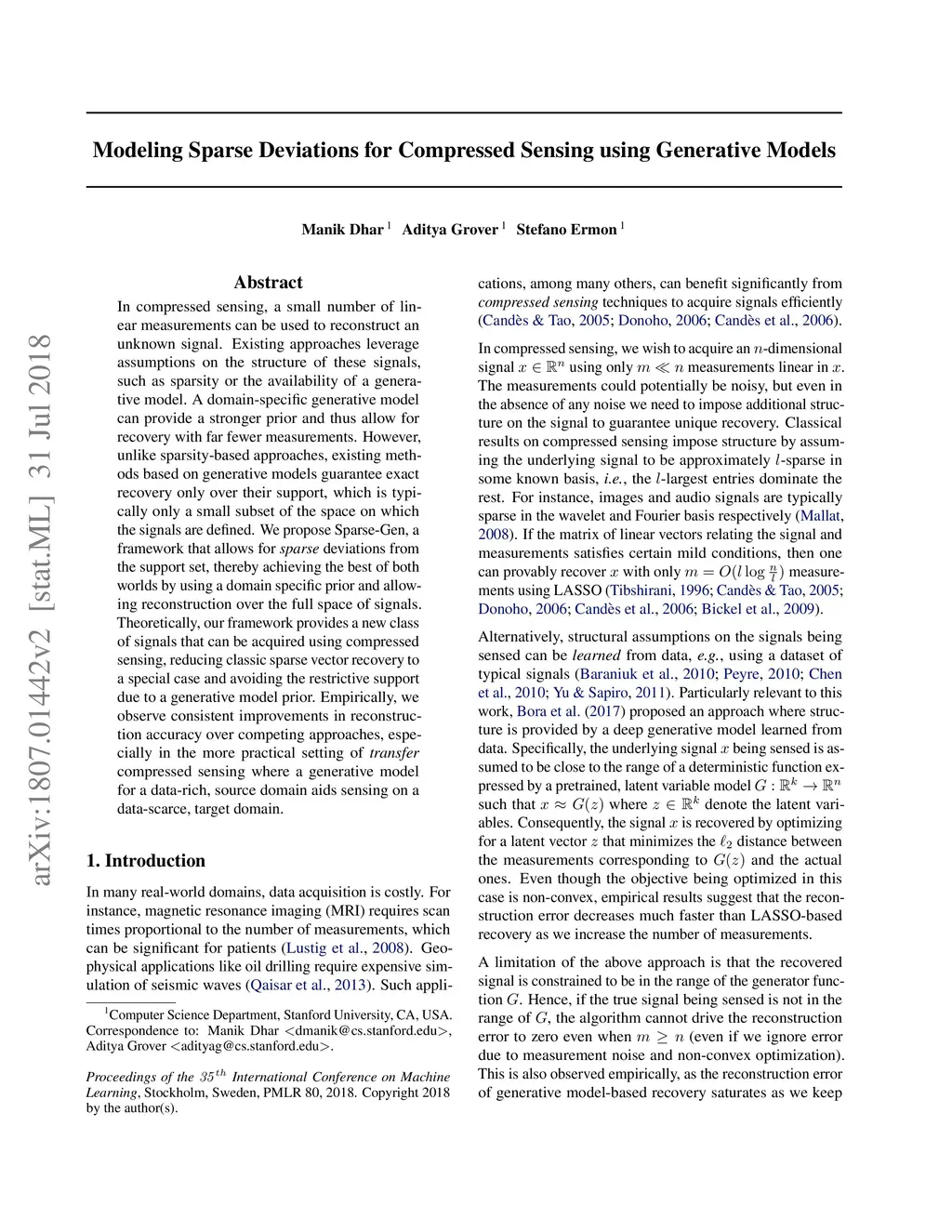 Modeling Sparse Deviations for Compressed Sensing using Generative
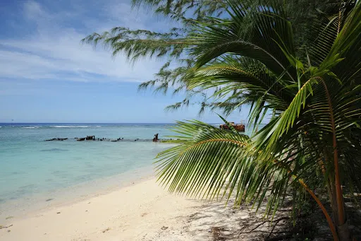 特維克斯伯裏海灘位於羅塔西南角的千椰林旁。這片海灘由不遠處的礁石層層包圍,因此太平洋的風浪從來都不會打破這裏的恬靜。半身深的淺海泛着乳白色的光芒,與千椰林的綽約樹影交相輝映。
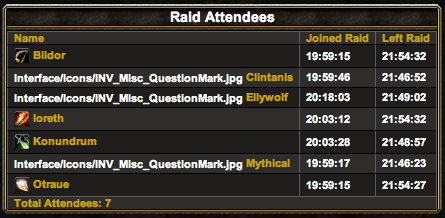 Thanks for the fix... is there a setting in ctraidtracker that records the class and/or class icon? seems like it's randomly using the question mark icon in the raid/attendance view. random meaning for instance, 3 druids in a raid - icon shows for one of the druids but other 2 get question marks (leading me to believe it's and issue with the data recorder(ctrt), not the viewer(your excellent addon
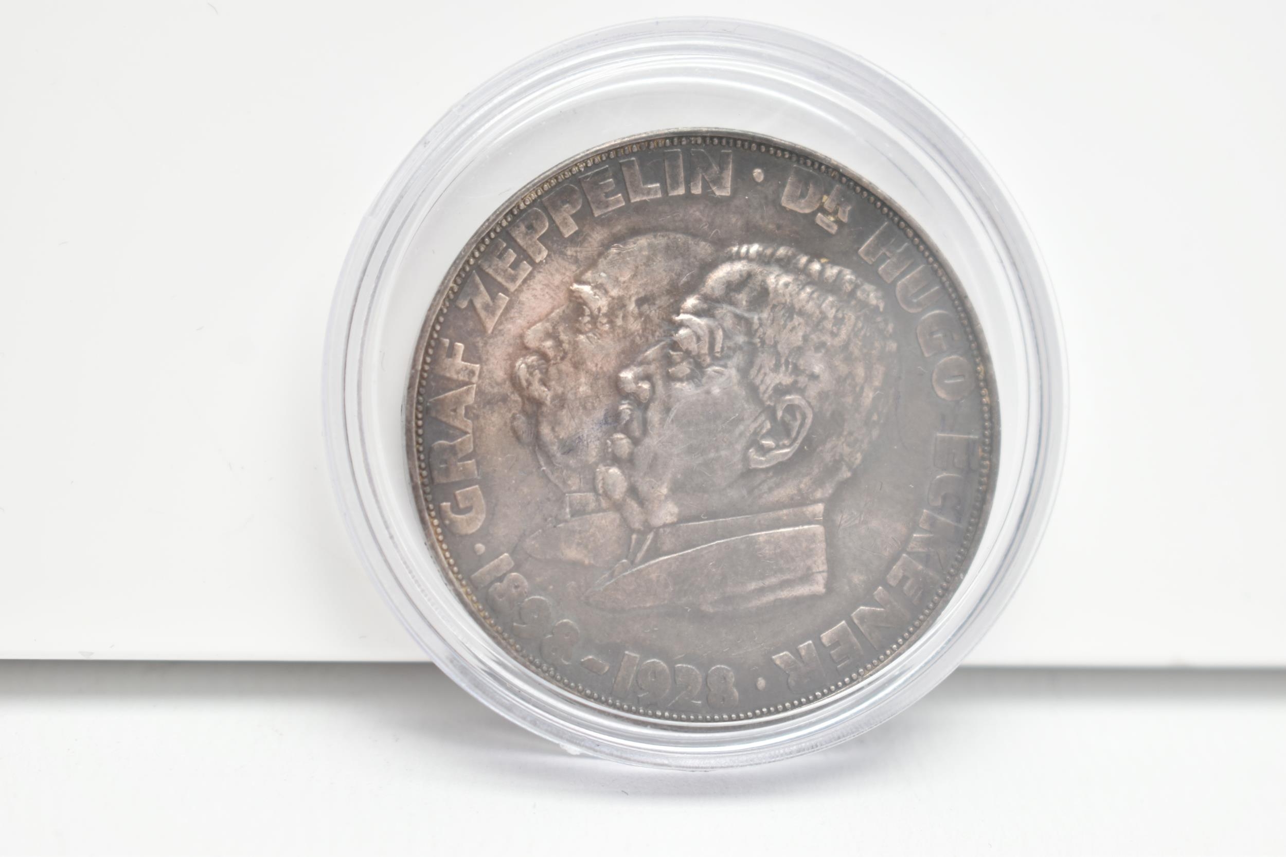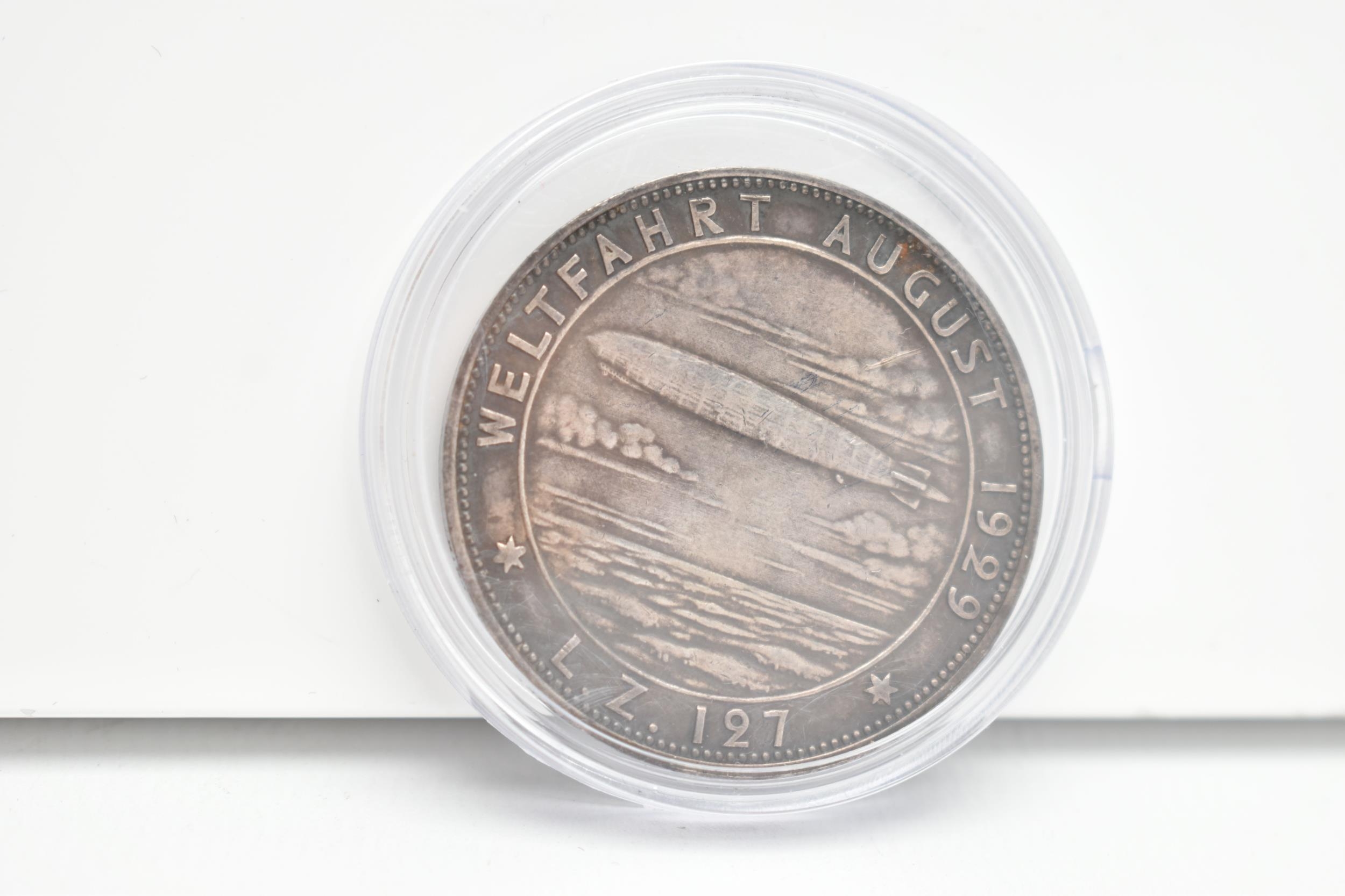 A RARE GERMAN PROOF COMMEMORATIVE BY Dr HUGO ECKENER 1898-1928 OF THE GRAFF ZEPPELIN L.Z.127, 1929 36mm, 24.83 grams, 0.900 SILVER
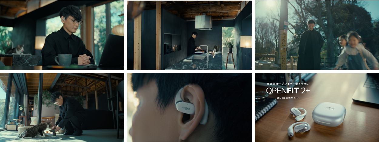 ShokzのCM初出演の山口一郎さん(サカナクション)。普段から音楽に対して向き合う山口さんが、音楽の制作環境の中、ヘッドホンで周囲の音を遮り、集中することに負担を感じる姿からスタートします。以前よりShokzのオープンイヤー型イヤホンを着用してきた彼らしいナレーションと、日常の景色や時間が盛り込まれたシーンへと移り変わっていきます。
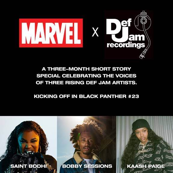 - Three of Def Jam’s rising stars – Saint Bodhi, Bobby Sessions, and Kaash Paige – will each contribute character-driven short stories in Black Panther #23, #24, and #25, the last three issues of the “Intergalactic Empire” saga from the acclaimed creative team featuring writer Ta-Nehisi Coates and artist Daniel Acuna.
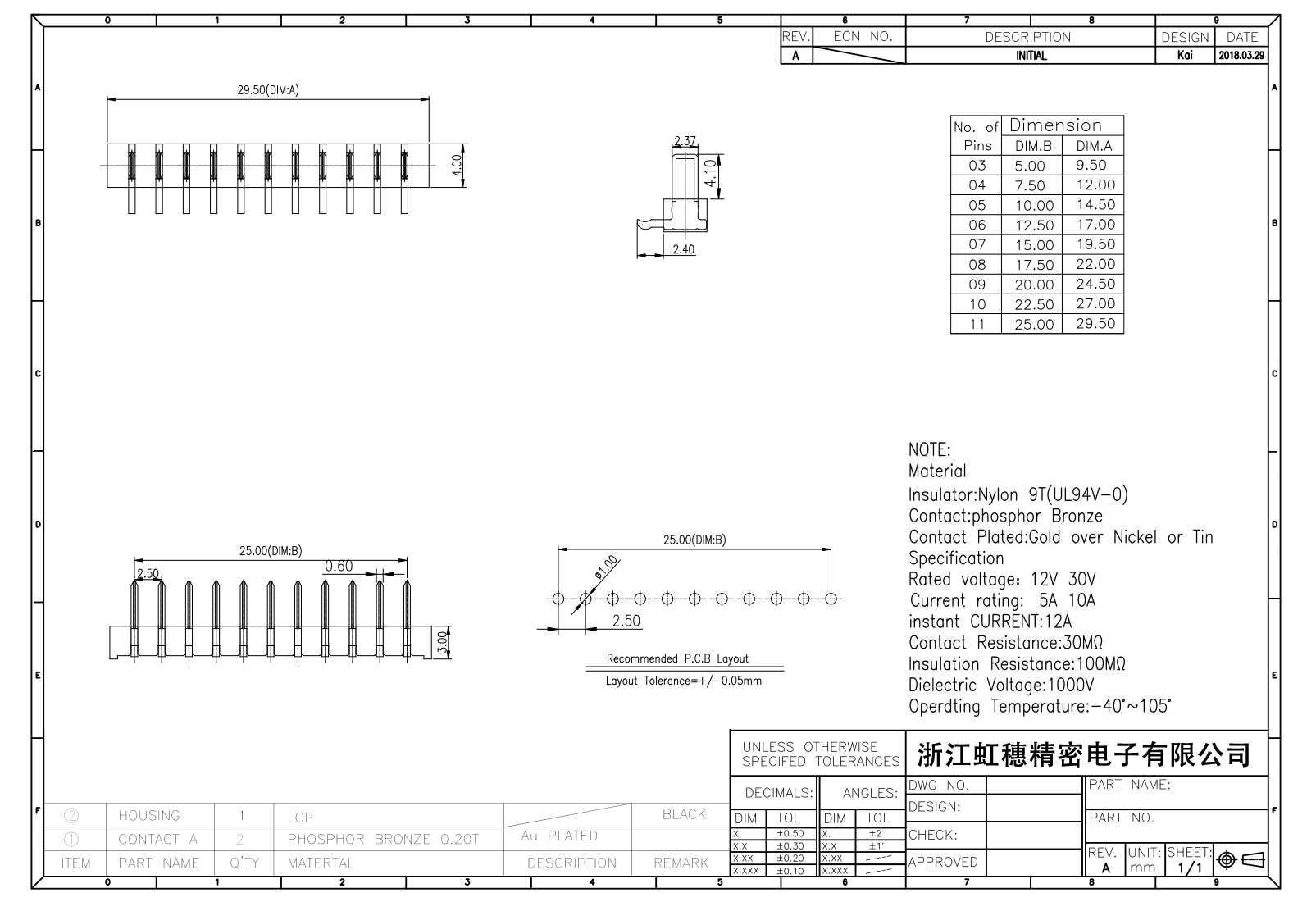表面镀层:金在镍/锡之上,镀层厚度3U

ASSIGNMENT: Nothing but the pictures may be dropped; restate the material word for word.

SOLUTION:
 Modeling Sparse Deviations for Compressed Sensing using Generative
 特維克斯伯裏海灘位於羅塔西南角的千椰林旁。這片海灘由不遠處的礁石層層包圍,因此太平洋的風浪從來都不會打破這裏的恬靜。半身深的淺海泛着乳白色的光芒,與千椰林的綽約樹影交相輝映。
 Thanks for the fix... is there a setting in ctraidtracker that records the class and/or class icon? seems like it's randomly using the question mark icon in the raid/attendance view. random meaning for instance, 3 druids in a raid - icon shows for one of the druids but other 2 get question marks (leading me to believe it's and issue with the data recorder(ctrt), not the viewer(your excellent addon
 A RARE GERMAN PROOF COMMEMORATIVE BY Dr HUGO ECKENER 1898-1928 OF THE GRAFF ZEPPELIN L.Z.127, 1929 36mm, 24.83 grams, 0.900 SILVER
 ShokzのCM初出演の山口一郎さん(サカナクション)。普段から音楽に対して向き合う山口さんが、音楽の制作環境の中、ヘッドホンで周囲の音を遮り、集中することに負担を感じる姿からスタートします。以前よりShokzのオープンイヤー型イヤホンを着用してきた彼らしいナレーションと、日常の景色や時間が盛り込まれたシーンへと移り変わっていきます。
 - Three of Def Jam’s rising stars – Saint Bodhi, Bobby Sessions, and Kaash Paige – will each contribute character-driven short stories in Black Panther #23, #24, and #25, the last three issues of the “Intergalactic Empire” saga from the acclaimed creative team featuring writer Ta-Nehisi Coates and artist Daniel Acuna.
表面镀层:金在镍/锡之上,镀层厚度3U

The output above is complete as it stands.